Exercise objective:
Your job is to print, exactly, the lines in the data below from the line with "roku 16 osób" through the line with "Pantalla de consulta", both included, and to omit any picture.

◆ ◆ ◆ ◆ ◆ ◆ ◆

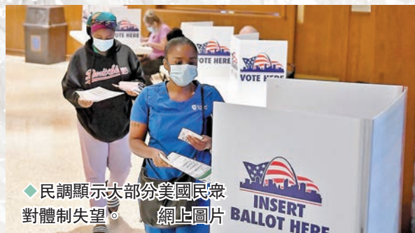
◆民調顯示大部分美國民衆對體制失望。

《紐約時報》與錫耶納學院進行的民調顯示，多數受訪美國選民認為當前美國政府體制失效，58%受訪者更認為，美國民主需要結構性改革或甚至是完全推倒重來，儘管出發點各有不同，但有着這種想法的人遍布所有政治光譜，兼不論年齡、性別或教育程度，顯示對於美國政府及民主制度的失望及求變情緒，已經成為美國人集體共識。同一民調亦顯示，77%受訪者認為美國「正朝着錯誤的方向前進」。
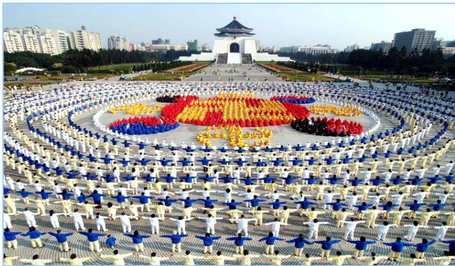
法轮大法弘传台湾：4千多名法轮功学员在台北市中正纪念堂广场前排组法轮图形（2005.12）

自 2002 年 10 月以来，海外法轮功学员以“群体灭绝罪、酷刑罪、反人类罪”控告迫害元凶江泽民及其帮凶。古语道：邪不胜正，得道多助，失道寡助，包括 610 办在内的江氏流氓集团及协从者灭绝人性地迫害按真、善、忍做好人的法轮功学员，其手段之卑鄙，性质之恶
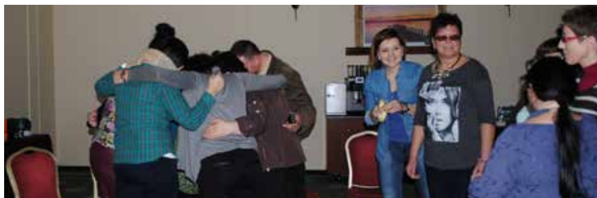
Uczestnicy Szkoły Modelu Współpracy

roku 16 osób z naszej gminy uczestniczyło w szkoleniu z komunikacji społecznej, które dało „pierwszego kopa” mówiąc kolokwialnie. Dla mnie było okazją do poznania rozterek i osobistych problemów wielu lokalnych działaczy, co też dało mi możliwość weryfikowania swojego postępowania. Chyba lepiej zaczęliśmy się rozumieć. Mi z kolei zależało, by demontować stereotypy urzędnika, które bardzo utrudniały mi relacje.
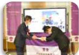
鞆学～福山ブランド認定・登録～ 2023(令和5)年度末まで有効
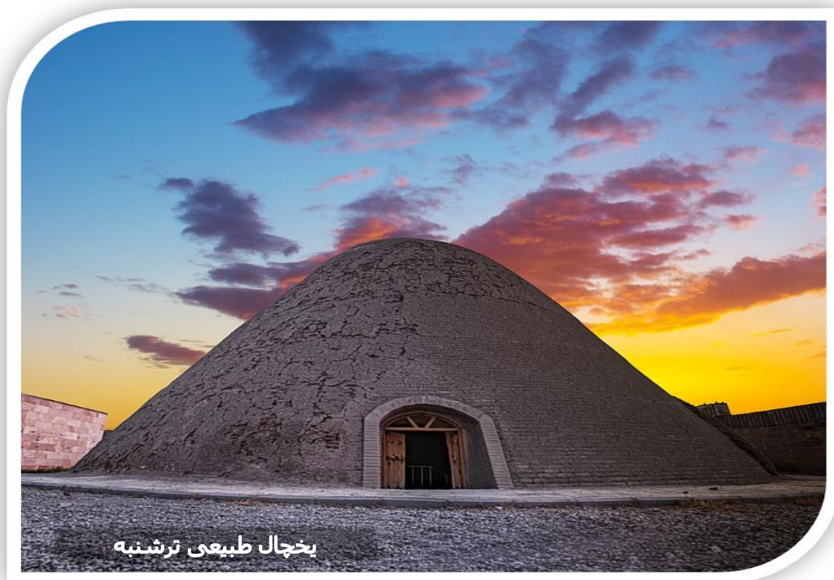
بخچال طبیعی ترشنبه

شهرستان اسلامشهر در روزگار کهن روستایی به نام قاسم‌آباد شاهی بوده است. پژوهش‌های انجام شده حاکی از آن است که اسلامشهر همواره در طول تاریخ به علل گوناگون مورد توجه بوده و از کهن‌ترین سکونت‌گاه‌های تاریخی ایران محسوب می‌شود.
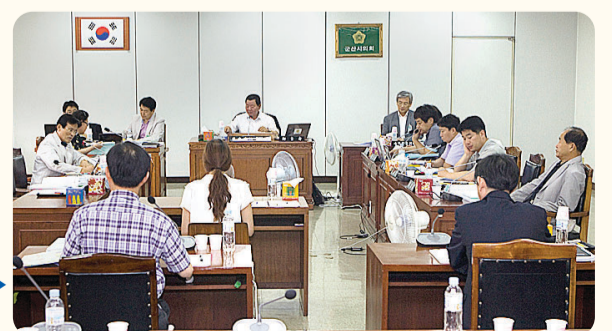
▶ 경제건설위원회 간담회
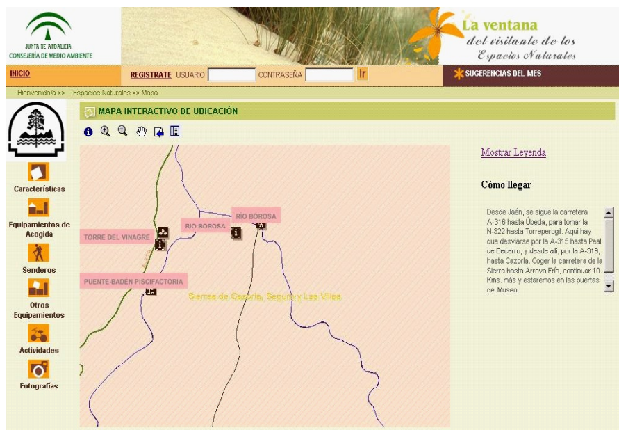
Pantalla de consulta interactiva de la cartografía de un Espacio Natural Protegido (3/3)

Búsqueda de Equipamientos: El portal ofrece diversas posibilidades para la localización de un determinado equipamiento de uso público o de un conjunto de ellos, mediante una serie de herramientas de búsqueda que permiten combinar o utilizar de forma independiente criterios de búsqueda alfanuméricos y geográficos (los geográficos apoyados en un servicio de mapas). Entre ellas cabe destacar la posibilidad de que definiendo un punto origen sobre un mapa o de forma alfanumérica y una distancia en kilómetros como radio, el portal devuelva el conjunto de espacios naturales protegidos y equipamientos de uso público que se encuentran contenidos en el mismo.

◆ ◆ ◆ ◆ ◆ ◆ ◆

Solution to the problem:
roku 16 osób z naszej gminy uczestniczyło w szkoleniu z komunikacji społecznej, które dało „pierwszego kopa” mówiąc kolokwialnie. Dla mnie było okazją do poznania rozterek i osobistych problemów wielu lokalnych działaczy, co też dało mi możliwość weryfikowania swojego postępowania. Chyba lepiej zaczęliśmy się rozumieć. Mi z kolei zależało, by demontować stereotypy urzędnika, które bardzo utrudniały mi relacje.
鞆学～福山ブランド認定・登録～ 2023(令和5)年度末まで有効
بخچال طبیعی ترشنبه

شهرستان اسلامشهر در روزگار کهن روستایی به نام قاسم‌آباد شاهی بوده است. پژوهش‌های انجام شده حاکی از آن است که اسلامشهر همواره در طول تاریخ به علل گوناگون مورد توجه بوده و از کهن‌ترین سکونت‌گاه‌های تاریخی ایران محسوب می‌شود.
▶ 경제건설위원회 간담회
Pantalla de consulta interactiva de la cartografía de un Espacio Natural Protegido (3/3)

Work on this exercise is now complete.